If we're not taking into consideration the context of the ask, we're not going to be able to understand the nuances here.I understand but they don't know what my 10 is. I had no idea what pain could be till I had kidney stones and even then I have no idea how that compares to a war veteran getting severely injured in the battlefield or a burn victim. I've sat and watched people in the hospital say 10 while they're sitting in their bed me watching TV. When my wife was dying she was screaming in pain and we had to hold her down and she would say an eight. I'm just trying to say that self reporting pain is dubious and comparing is of little value. If someone says they are suffering then they are suffering and we need to try to help them.
When receiving medical care (such as the example you gave, or in ER triaging), there is an incentive to overstate your pain level because that's how you get attention faster. Doctors and nurses know this, and don't only look at your self-reported data.

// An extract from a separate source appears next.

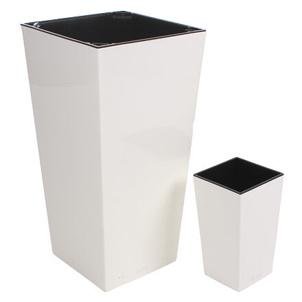 Štýlový dekoratívny kvetináč Elise Lesk s lesklým povrchom je ideálnym doplnkom domov aj na záhradu. Hranatý kvetináč s vyberateľnou nádobou je vyrobený z pevného plastu, ktorý je odolný proti mrazu as UV stabilizátorom, takže ho bez obáv môžete nechať na záhrade cez zimu aj cez slnečné leto. Kvetináč má integrovaný skrutkovateľný prepad na odtok dažďovej vody. Model Elise Lesk 15 má zabudovaný samozavlažovací systém s knôtmi. K modelom Elise Lesk 20/25/30 je možné dokúpiť samozavlažovací systém Smart System Elise. Kvetináč má v každom rohu háčiky na komfortné vytiahnutie vnútornej nádoby. Parametre: Elise Lesk 15 Výška: 26 cm Dĺžka hornej hrany: 14,5 cm Výška priestoru na stávkovanie: 15 cm Elise Lesk 20 Výška: 36,5 cm Dĺžka hornej hrany: 19 cm Výška priestoru na stávkovanie: 20 cm Elise Lesk 25 Výška : 46,5 cm Dĺžka hornej hrany: 24 cm Výška priestoru na stávkovanie: 25 cm Elise Lesk 30 Výška: 57,5 cm Dĺžka hornej hrany: 28,5 cm Výška priestoru na stávkovanie: 30 cm

In the context of scientific studies, that incentive doesn't exist.
For tinnitus in particular, scientific studies often do measure volume (through stimulus matching and adjustment for PTA losses, there's also MML/min masking level - many of us have gone through that with an audiologist). There are many studies that study correlation between loudness and distress (look for them on PubMed, example.
We can keep saying that loudness doesn't matter, and that it's how we deal with the sound that matters, but the science disagrees. It also perpetuates victim blaming ("you're not positive enough! that's what your problem is!") and doesn't encourage finding a real cure (since it really is all in your head, you're just not trying hard enough to get better).